Understanding FERPA and how Education institutions are managing remote students on platforms like Zoom

The Covid-19 Pandemic transformed how Colleges and Universities collaborate, communicate, and educate. Go to the IT Services Department website at any Higher Education institution, and there is a ‘Communications and Collaboration’ services offering page. Email, Chat, VoIP Telephony, Videoconferencing… there is no one clear winner but it’s usually one of the following platforms: Zoom, Slack, Cisco Webex, Microsoft Teams, and Google Meet.

Specifically, if we use Zoom Meeting as an example of the privacy and data governance issues schools are having to address when it comes to online learning and collaboration. Almost all schools have entered into an agreement directly with Zoom. Using Zoom does not require that students provide any payment information and includes additional protections for personal information. Any data provided to or collected by Zoom during a remote instruction session will be subject to the protections of FERPA and may only be used by Zoom for the purpose of providing the video conferencing services. Student personal information will not be used for marketing by Zoom or its affiliates without student prior consent. For further information on Zoom’s compliance with FERPA please refer to the FERPA Guide on the Zoom Education page, and for further information on Zoom’s privacy practices, please refer to their privacy policy.

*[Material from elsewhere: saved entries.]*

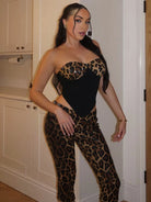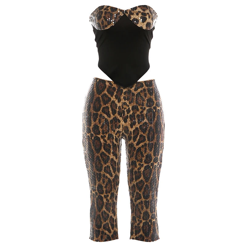 Trend4us Luxe Leopard Sequin Bustier Top & Capri Pants Set
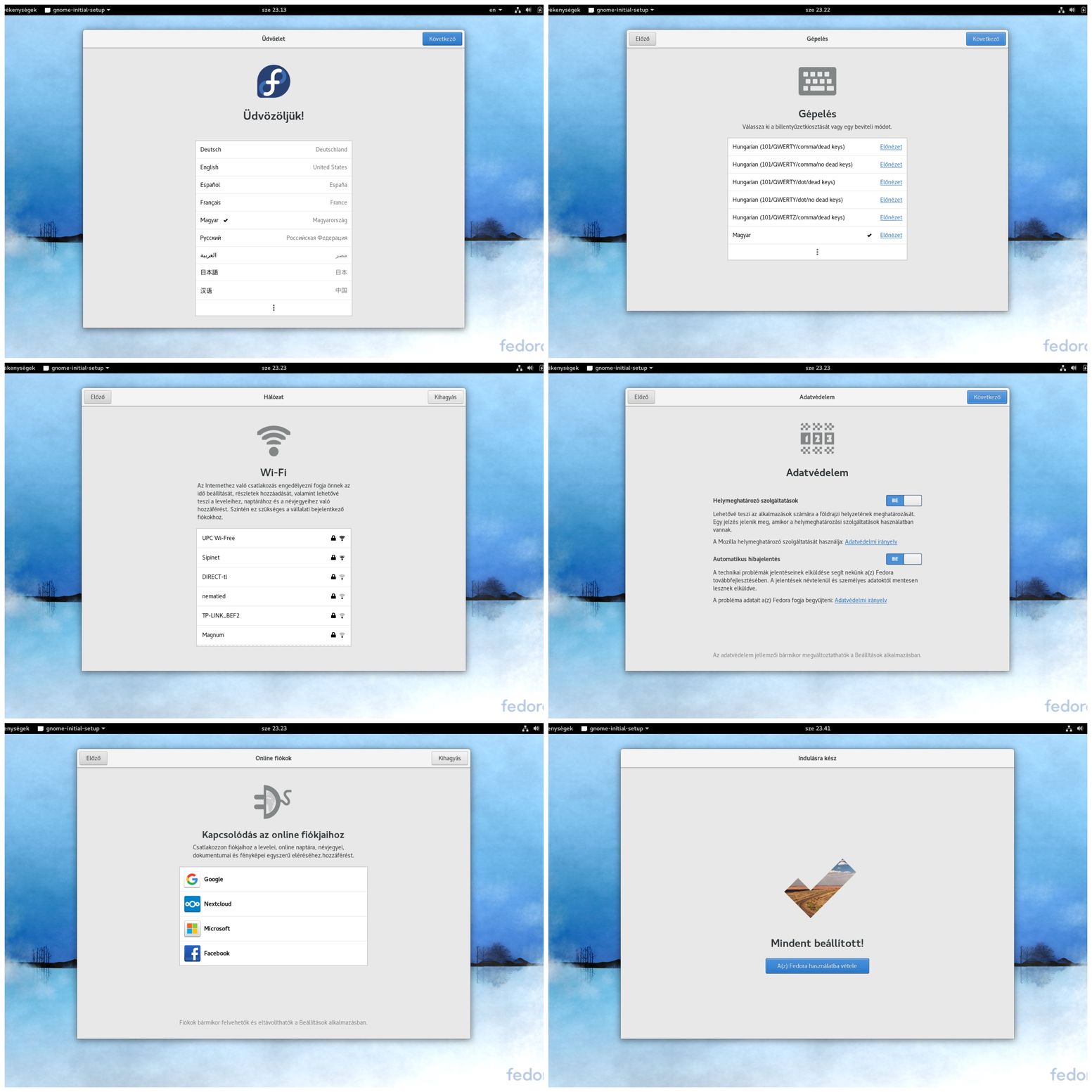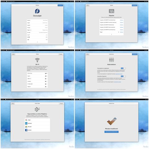 A Konfiguráció befejezése gombbal véglegesítjük a beállításokat, majd nem marad más hátra, mint kilépni a telepítő programból. Indítsuk újra a gépet. Kattints a jobb felső sarokban a lefele mutató nyilacskára, majd a legördülő menüben a kikapcsoló gombra. Belépve a frissen telepített Fedorába, egy varázsló segít az első lépések megtételében. Hagyjuk jóvá a magyar nyelv használatát, majd jöhet a billentyűzetkiosztás, a Wi-Fi, az adatvédelem, végül az online fiókok beállítása. Természetesen ezeket később is beállíthatjuk, módosíthatjuk.
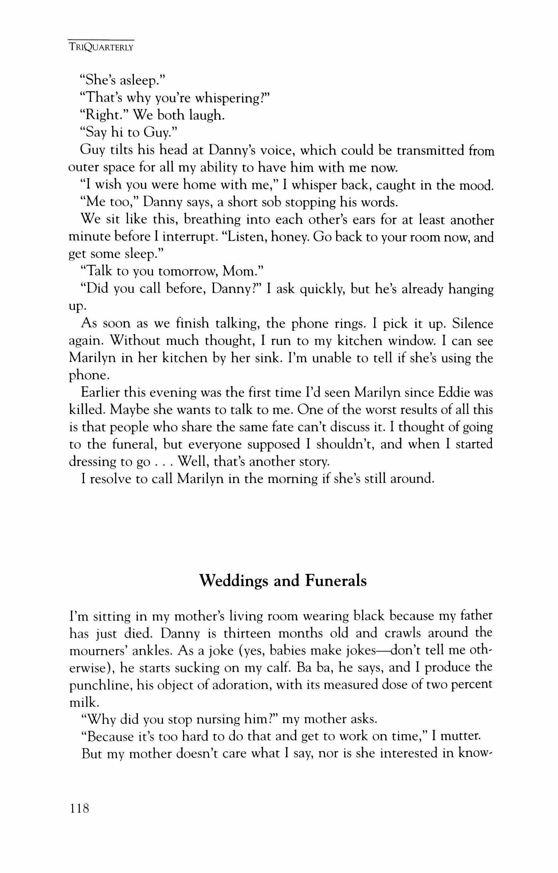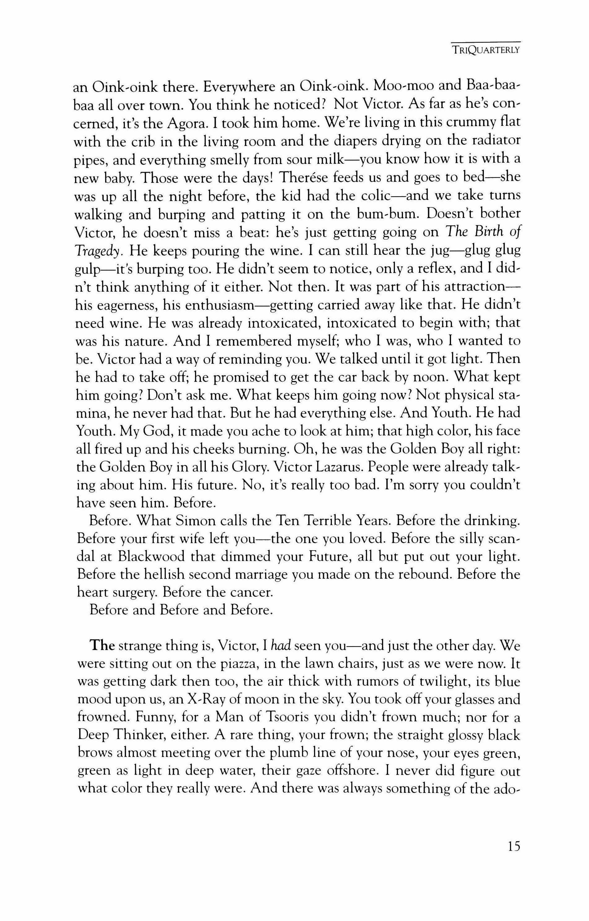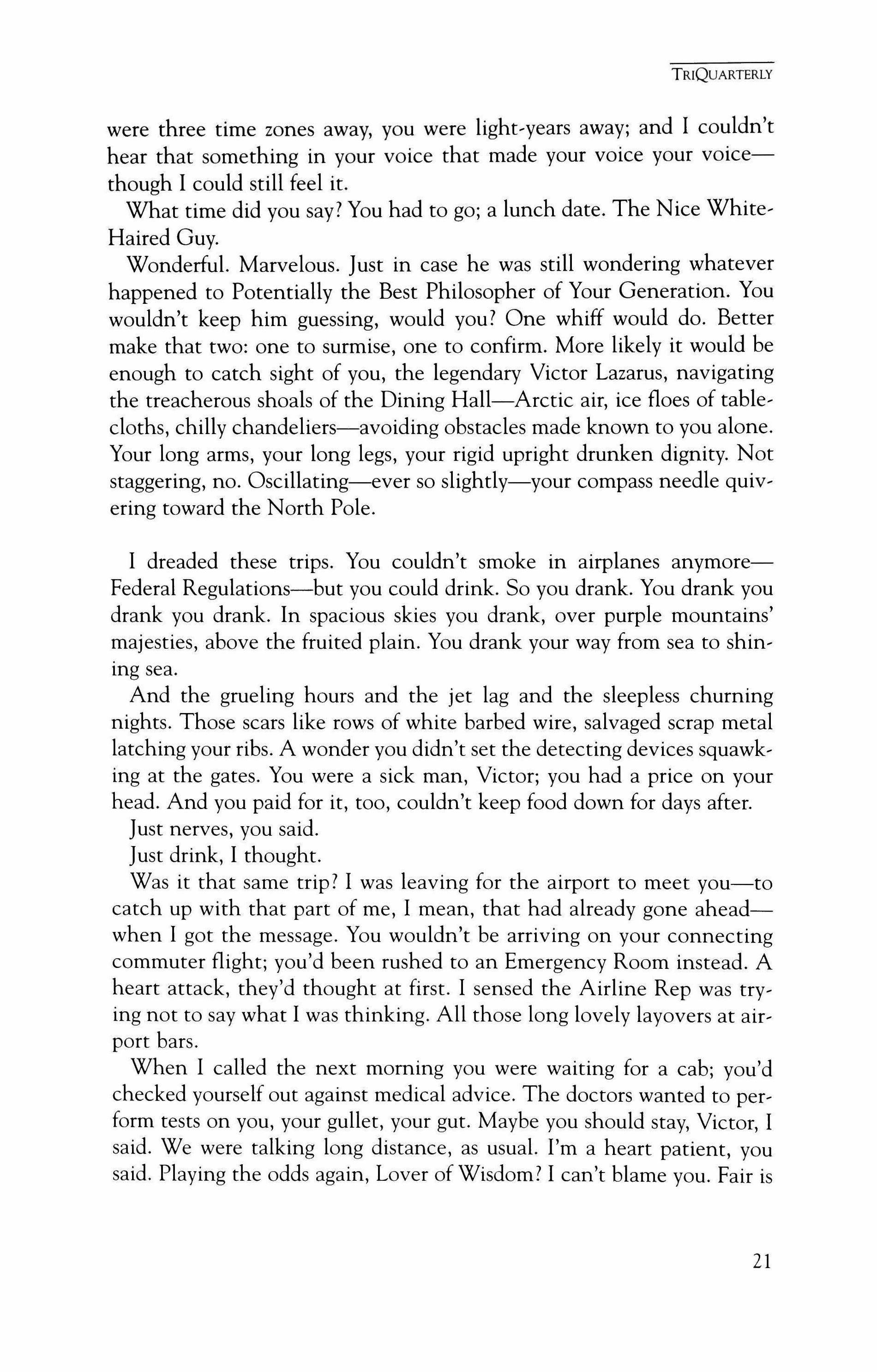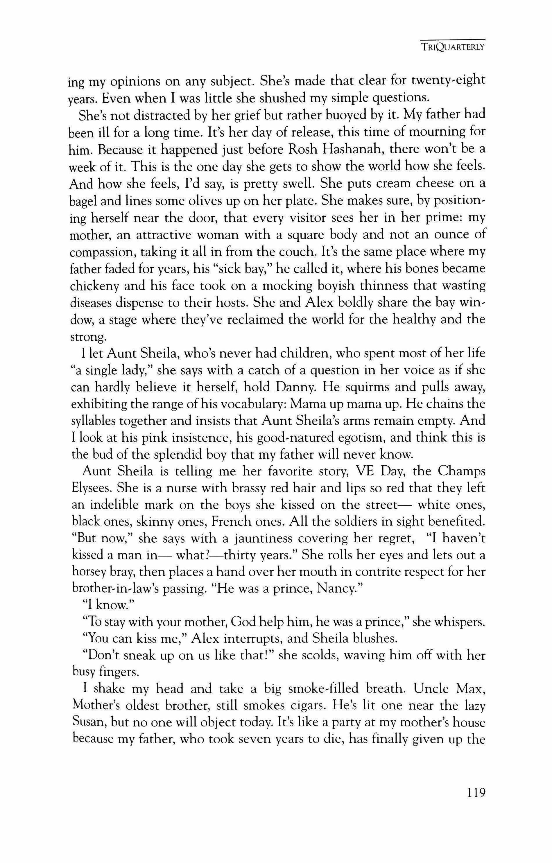 started off with a reading from your work. I have to apologize, Victor, I couldn't keep my mind on it. Someone was sobbing out loud. Already? I thought. And the trees, the tent-top, the rug of green Astroturf, the mourners seated all in a row. Ben squirming in his necktie and skullcap, the soles of his gym shoes stuck together, his blue eyes wandering, scared. How long is this grownup stuff gonna last? His grandmother-your mother-leans down, her lips to his ear, his fist in her fist. Easy to guess what she's saying. Her head trembles, as from a long habit of chiding. How little, how aged, she is today, her white hair brittle, her face behind dark glasses bolted and barred. Next your half brother, staring boldly in front of him, a hand on either knee, as if he's been told not to blink. Then your two stepsisters. Last, an empty chair.
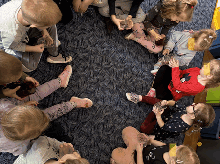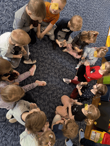 Wiosenne skupienie OPUBLIKOWANO dnia 25 marca 2025 Przedszkole „Wiosenne skupienie”- zabawa integracyjna dzieci z grupy I, które wzmacniały relacje w grupie, kształciły cierpliwość i skupienie przelewając wodę z kubka do kubka. Brawo !!!
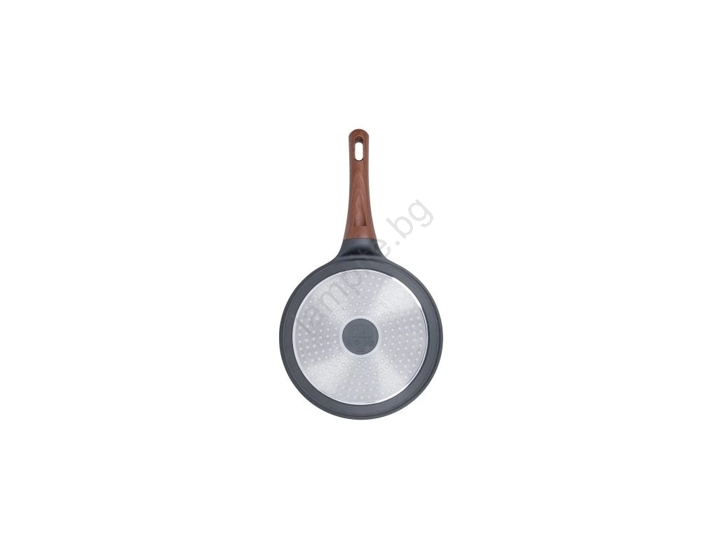 • Ергономична дръжка с Soft-Touch покритие и дървесен декор осигурява удобен захват и увереност при манипулация, а освен това тиганът изглежда стилно.
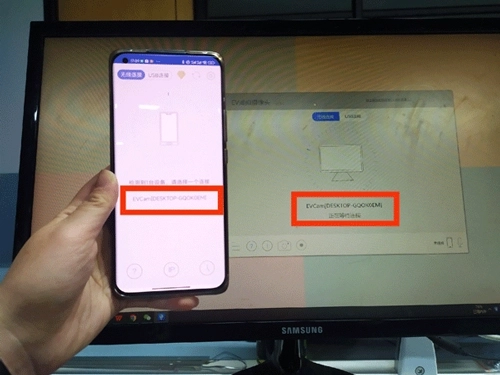 2、用手机搜索电脑设备,待连接成功后,电脑端即可实时查看手机摄像头传输的画面。
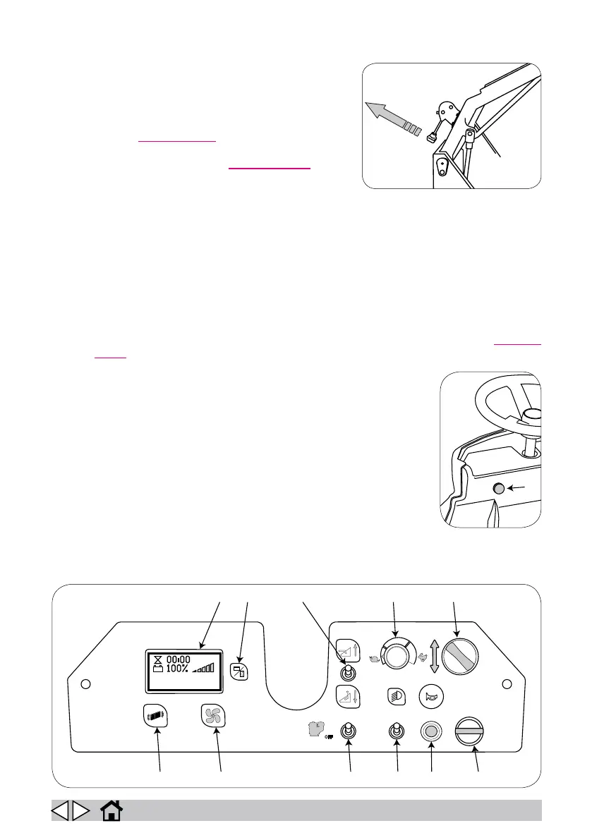 Bin up/down switch (3, g. 8): Lifts or lowers the debris bin.
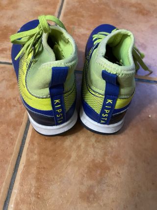 Botas de fútbol para niños y niñas, ideales para entrenar y jugar. - Color azul y verde lima. - Cierre con cordones. - Diseño de media caña. Talla 30
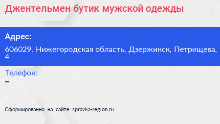 Джентельмен, бутик мужской одежды по адресу 606029, Нижегородская область, Дзержинск, Петрищева, 4 в дальнейшем Организация, размещена в следующих категориях:
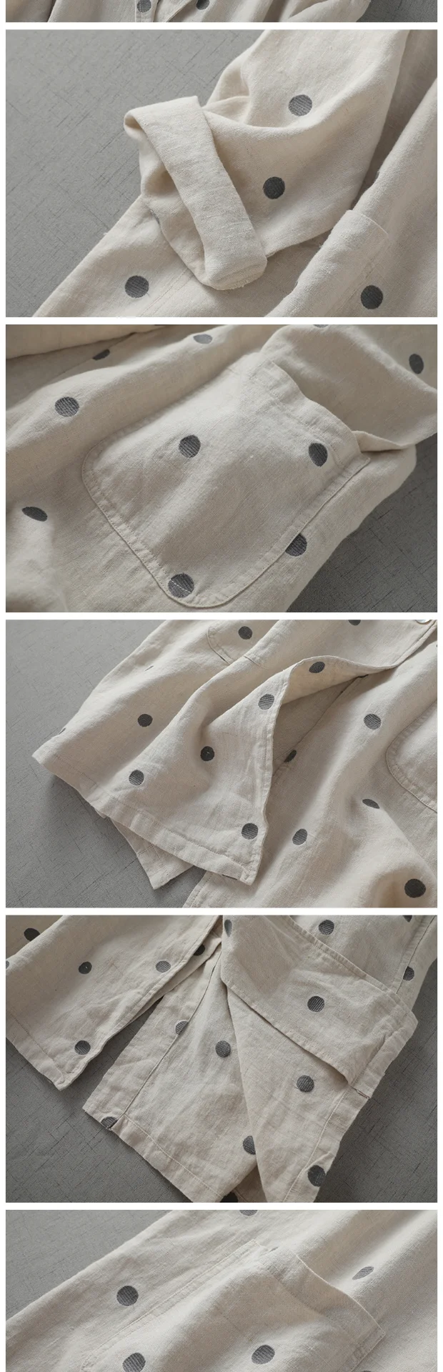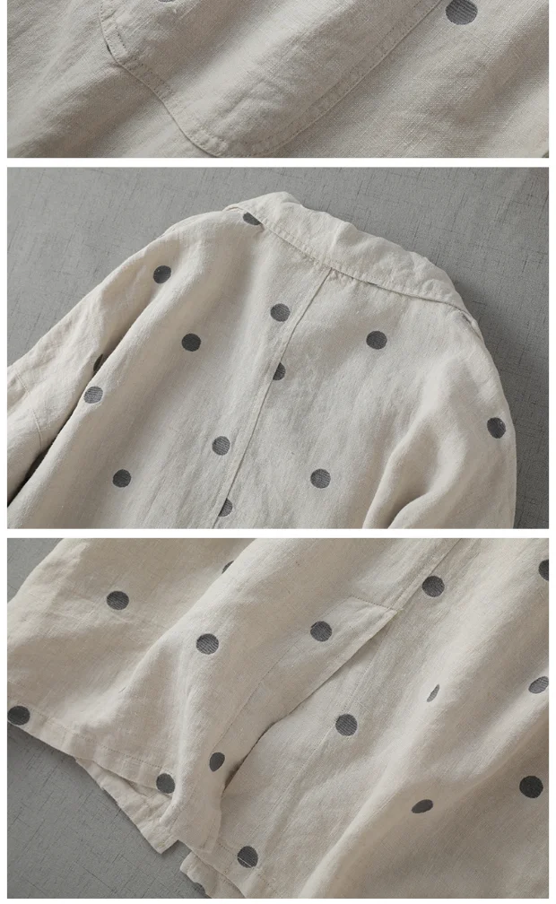 The loose fit design of this Japanese-style checkered embroidery linen suit jacket provides comfort and freedom of movement, perfect for casual wear.
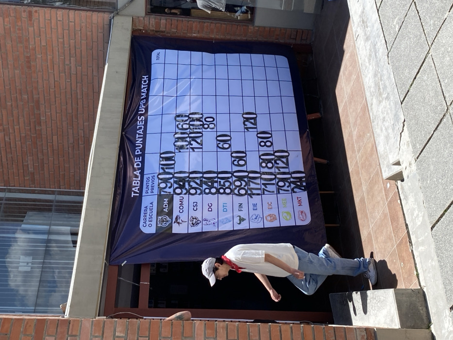 This image depicts an outdoor scene at the Universidad Privada Boliviana (UPB) campus in Achocalla, Bolivia. A large, dark blue banner titled "TABLA DE PUNTAJES UPB MATCH" (Scoreboard UPB Match) is prominently displayed, secured against a red brick building facade. The banner features a white grid with columns for "CARRERA O ESCUELA" (Career or School), "PUNTOS PREVIOS" (Previous Points), subsequent point columns, and a "TOTAL" column. Visible entries include various academic programs or schools such as ADM, COMU, CSJ, DG, DTI, FIN, EIE, EIC, MEE, and MKT, each accompanied by a logo and numerical scores (e.g., ADM with 790, COMU with 940, CSJ with 920). A male individual is positioned on the left, captured in motion while stepping down from an elevated doorway threshold. He wears a light grey baseball cap, a white short-sleeved t-shirt, light blue jeans, and white athletic shoes. A red bandana is tied around his neck. A partial view of an arm or shoulder belonging to another individual is visible within the dark doorway on the far left. On the far right, a faint reflection or partial view of another person or object is discernible in a glass door or window. The ground immediately in front of the banner and doorway is paved with light brown square tiles. Beyond this tiled area, a grey concrete sidewalk with a discernible seam is visible. A small concrete curb or raised edge separates the tiled area from the sidewalk. Overhead lighting casts distinct shadows across the ground, indicating a bright, clear daytime environment. A large window above the banner reflects a blue sky with white clouds.
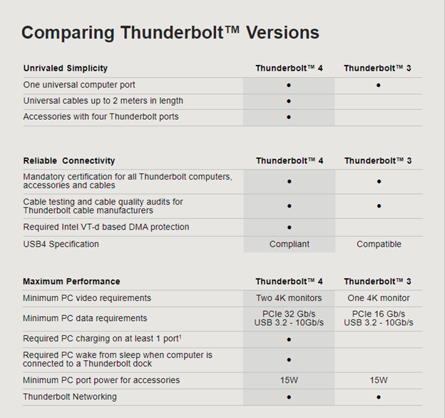 다시 말해 Thunderbolt 호환 장치는 진정한 Thunderbolt 솔루션이 아니라 동일한 USB-C 연결을 활용한다. Thunderbolt 3이 장착된 컴퓨터는 모든 USB-C 장치를 지원하지만, 실제 Thunderbolt 장치만 Thunderbolt 3이 제공하도록 설계된 더 높은 성능 기능, 인증된 신뢰성 및 안정성을 제공한다.
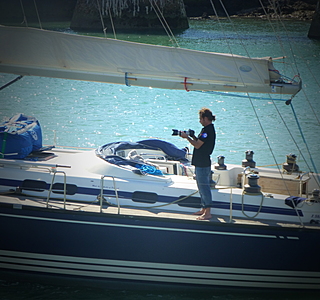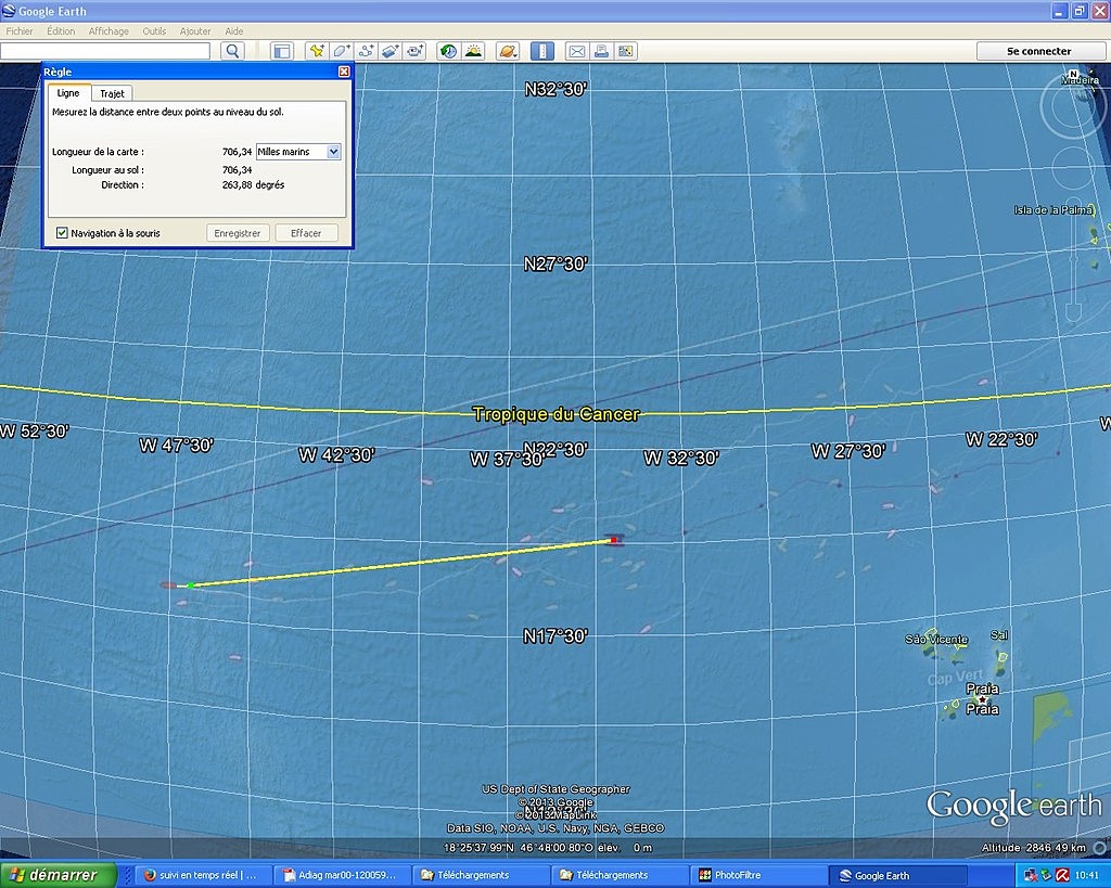 Aujourd'hui Yvan avançait entre 5 et 7 noeuds, sans spi donc et grand voile réduite.

Colleges and Universities, however, have complex record retention obligations under both FERPA and State Law. The type of student directory information that is required to be retained includes PII such as Student Name, Address, Telephone Number, University Email, Photographs and Videos, Financial, Student Transcript, Testing protocols and as a general rule of thumb, schools should keep temporary student information like attendance records for 6 years after a student no longer attends. Permanent records should be kept for at least 60 years.

One important emerging issue is whether an online meeting constitutes a Student Record under FERPA. Zoom has the ability to record meetings. This feature can be activated/deactivated and managed by the meeting host. For further information on this feature, please visit the Zoom recording page.

Zoom recordings, including video/audio/text of courses or chat sessions, that include personally identifiable student information should be considered education records that are FERPA protected and thus not subject to public disclosure. While there is older U.S. Department of Education guidance concerning class recordings in the traditional in-person classroom setting that suggests such recording are not FERPA protected, Zoom class recordings and student chat sessions likely identify individual student’s names and faces, students speaking or typing questions and thus are personally identifiable. As a result, best practice would be to treat these recordings as any other confidential education record under FERPA.

Zoom recordings, including video/audio/text of faculty/staff meetings or chats, that don’t include personally identifiable student information should be considered public records subject to disclosure, if requested. Although those meetings are not open to the public and are not required to be recorded or have minutes taken, once a recording is made, a public record is created that a school will need to retain pursuant to the appropriate public records retention schedule. How long a school is required to retain depends on the content of the record and can vary from “retain until obsolete” to permanent retention.

It is important to emphasize that while each school is working under unique circumstances, the same laws, record retention requirements, and privacy considerations apply. In the FERPA context, a record created and/or maintained by a University with personally identifiable information related to a student would have protection from disclosure but still need to be archived for 6 years. In the public records context, any record created by a University employee, regardless of format, that concerns official university business will be subject to disclosure indefinitely unless an exemption applies. Schools are increasingly capturing online meeting collaboration data, making individual assessments as to whether the constitute a public record and archiving for the appropriate corresponding time period.